Return only the lines from the start of the records through the line that contains "湯口:30℃~38℃、pH8.52、ORP値は-53mvに収束した。", inclusive; leave out all pictures.

- _Exercise data_
════
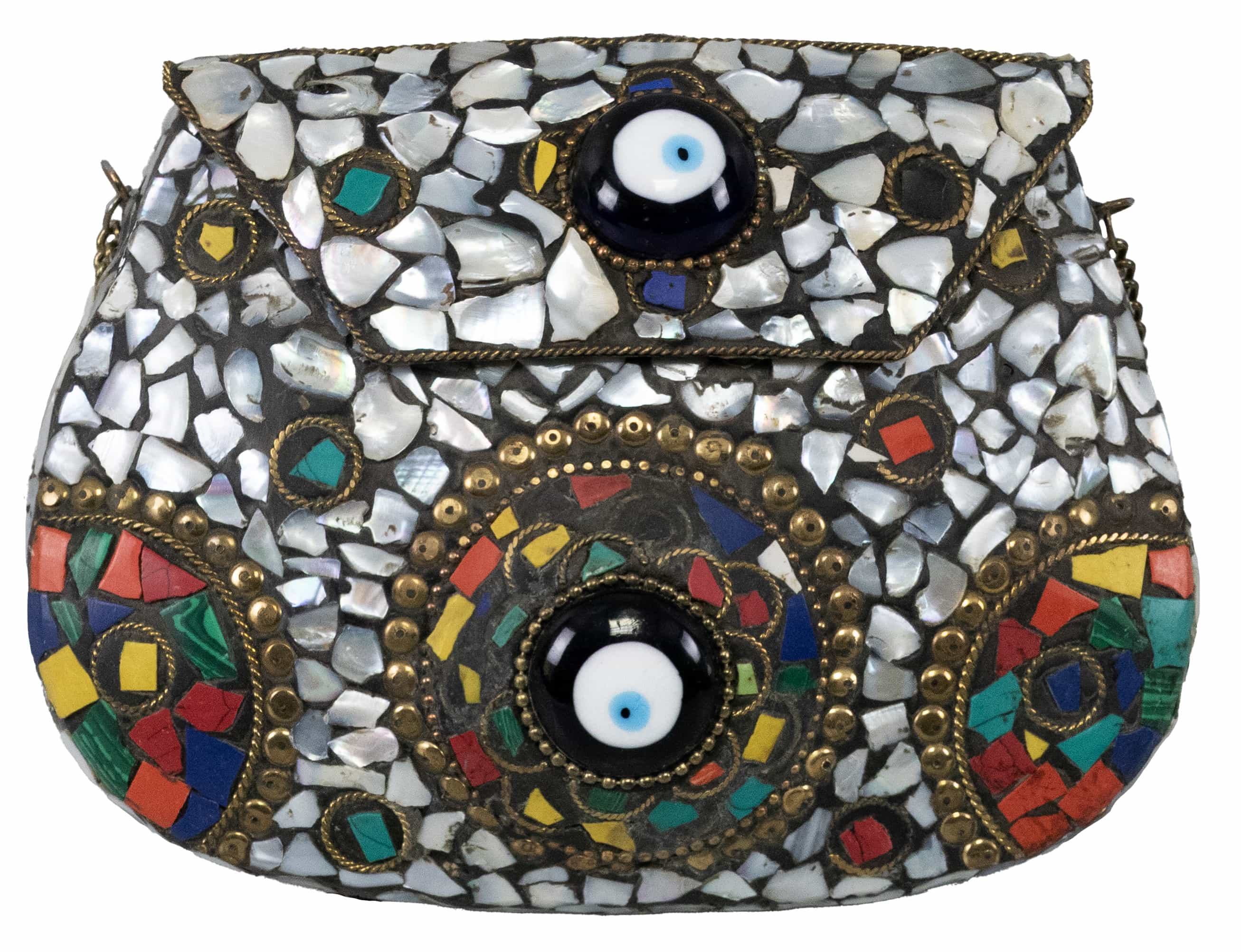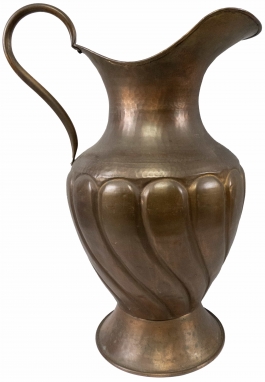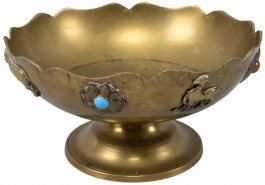 bordură lobată, decorată în relief, cabochoane de sticlă colorată, alamă, dia.17cm, H 9cm, jum.sec.XX
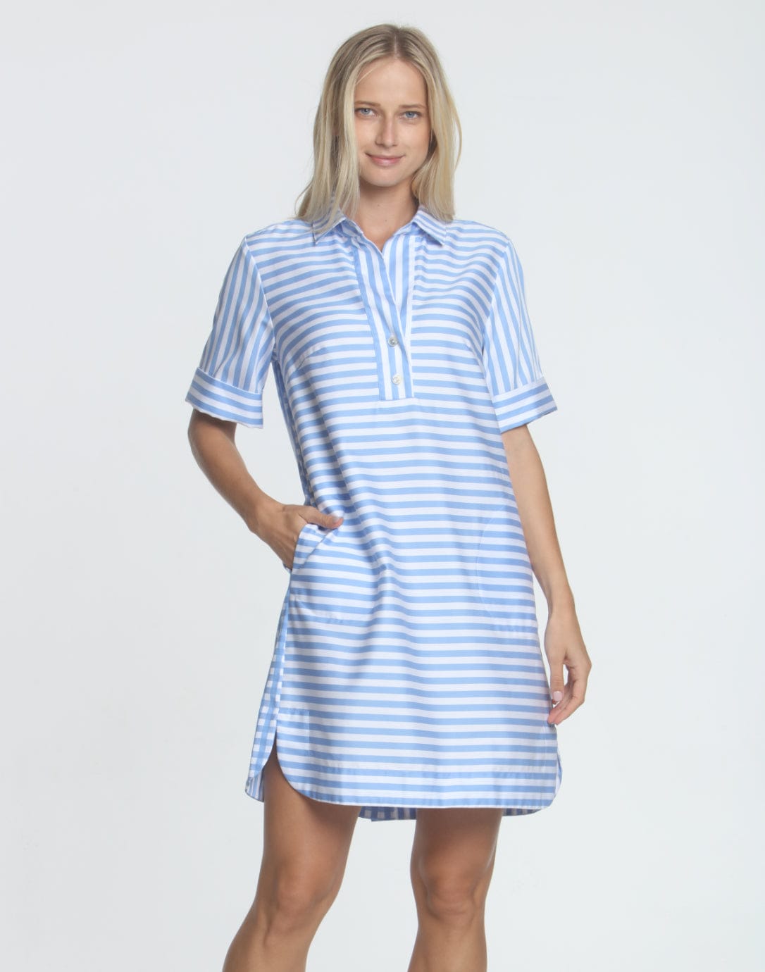 Looking forward to brighter and warmer days, this stripe and color coordinated gingham Aileen dress in short sleeves is your perfect companion.
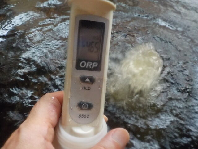 湯口:30℃~38℃、pH8.52、ORP値は-53mvに収束した。
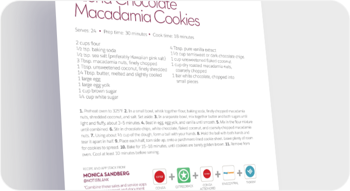Aloha Chocolate Macadamia Cookies 2 sticks butter (1/2 cup) Serves: 24 Prep time: 30 minutes Cook time: 18 minutes • • 2 cups flour 4 Tbsp. pure vanilla extract 1/2 tsp. baking soda 11/2 cup semisweet or dark chocolate chips 3/4 cup chopped nuts (e.g., walnuts, pecans, and/or cashews) 1/2 tsp. sea salt (preferably Hawaiian pink salt) 1 cup unsweetened flaked coconut 3 Tbsp. macadamia nuts, finely chopped 1 cup dry roasted macadamia nuts, 1 Tbsp. unsweetened coconut, finely shredded coarsely chopped 14 Tbsp. butter, melted and slightly cooled 1 bar white chocolate, chopped into 1 large egg small pieces 1 large egg yolk 1 cup brown sugar 1/4 cup white sugar 1. Preheat oven to 325°F. 2. In a small bowl, whisk together flour, baking soda, finely chopped macadamia nuts, shredded coconut, and salt. Set aside. 3. In a separate bowl, mix together butter and both sugars until light and fluffy, about 3–5 minutes. 4. Beat in egg, egg yolk, and vanilla until smooth. 5. Mix in the flour mixture until combined. 6. Stir in chocolate chips, white chocolate, flaked coconut, and coarsely chopped macadamia nuts. 7. Using about 1/2 cup of the dough, form a ball with your hands. 8. Hold the ball with both hands and tear it apart in half. 9. Place each half, torn side up, onto a parchment-lined cookie sheet. Leave plenty of room for cookies to spread. 10. Bake for 15–18 minutes, until cookies are barely golden brown. 11. Remove from oven. Cool at least 10 minutes before serving. RECIPE AND APP STACK FROM MONICA SANDBERG @NOTISBLANK + + + + “Combine these sales and service apps for data management and document CONGA GETFEEDBACK CONGA RINGCENTRAL TASKRAY generation plus call center integration COMPOSER ACTIONGRID and survey feedback.” 28
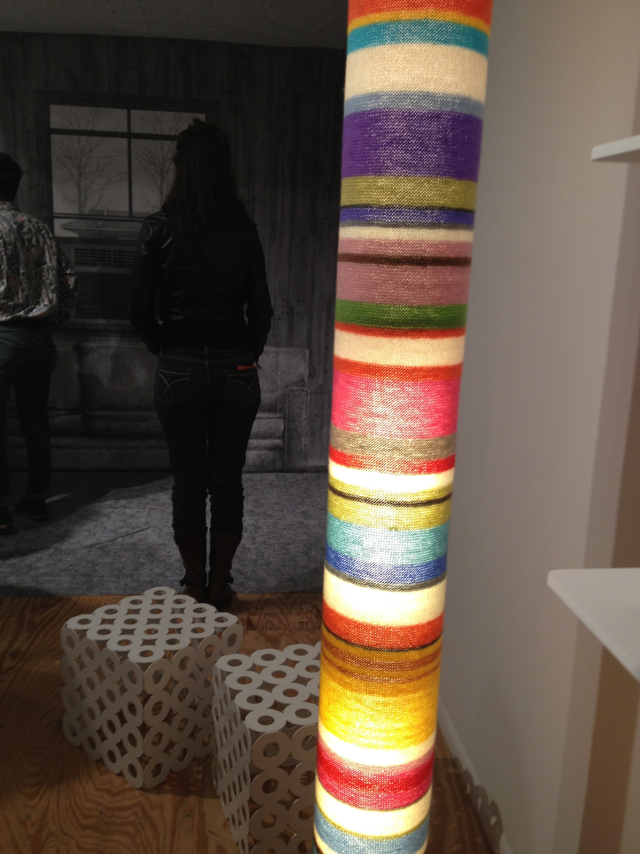 Egawa-Zbryk, Sweater Lamp, 2003, yarn, steel, plastic, flourescent light. Egawa-Zbyrk, Cube, 2003, powder coated steel, 15″x15″x15″. Installation view. Image courtesy of Erin Dziedzic
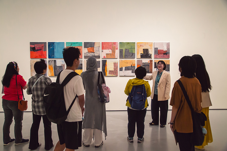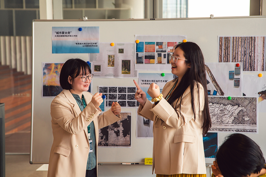 “粤港澳大湾区当代艺术展”期间,公共教育团队推出多场公众导览活动,通过线上资源与线下导览相结合的方式,为观众构建了多维度的参观体验。
════
- _Answer_
 bordură lobată, decorată în relief, cabochoane de sticlă colorată, alamă, dia.17cm, H 9cm, jum.sec.XX
 Looking forward to brighter and warmer days, this stripe and color coordinated gingham Aileen dress in short sleeves is your perfect companion.
 湯口:30℃~38℃、pH8.52、ORP値は-53mvに収束した。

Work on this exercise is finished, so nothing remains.